What the exercise asks
Look through the material below. Return exactly the lines from the one with "4 Wheel Chassis" through the one with "昨年技能検定用成形機を電動式", both included.

Data shown
********************
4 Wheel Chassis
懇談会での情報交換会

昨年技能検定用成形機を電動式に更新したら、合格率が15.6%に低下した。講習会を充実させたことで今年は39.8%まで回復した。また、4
********************
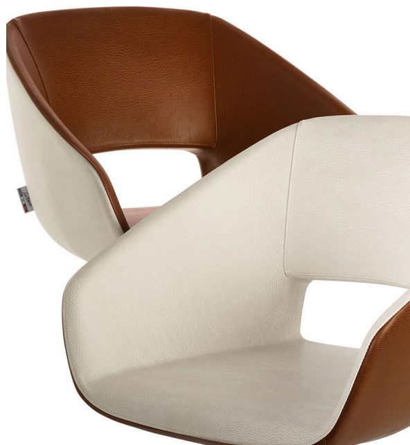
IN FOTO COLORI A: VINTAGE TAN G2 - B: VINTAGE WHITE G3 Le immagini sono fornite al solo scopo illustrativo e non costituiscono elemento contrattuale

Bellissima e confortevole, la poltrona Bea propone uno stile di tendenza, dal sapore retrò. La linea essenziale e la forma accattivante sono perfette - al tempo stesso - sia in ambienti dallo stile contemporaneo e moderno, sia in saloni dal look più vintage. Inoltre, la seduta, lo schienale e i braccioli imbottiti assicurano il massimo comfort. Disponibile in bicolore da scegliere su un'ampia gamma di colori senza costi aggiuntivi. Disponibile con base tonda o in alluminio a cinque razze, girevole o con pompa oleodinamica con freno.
********************
Reply to the task
4 Wheel Chassis
懇談会での情報交換会

昨年技能検定用成形機を電動式に更新したら、合格率が15.6%に低下した。講習会を充実させたことで今年は39.8%まで回復した。また、4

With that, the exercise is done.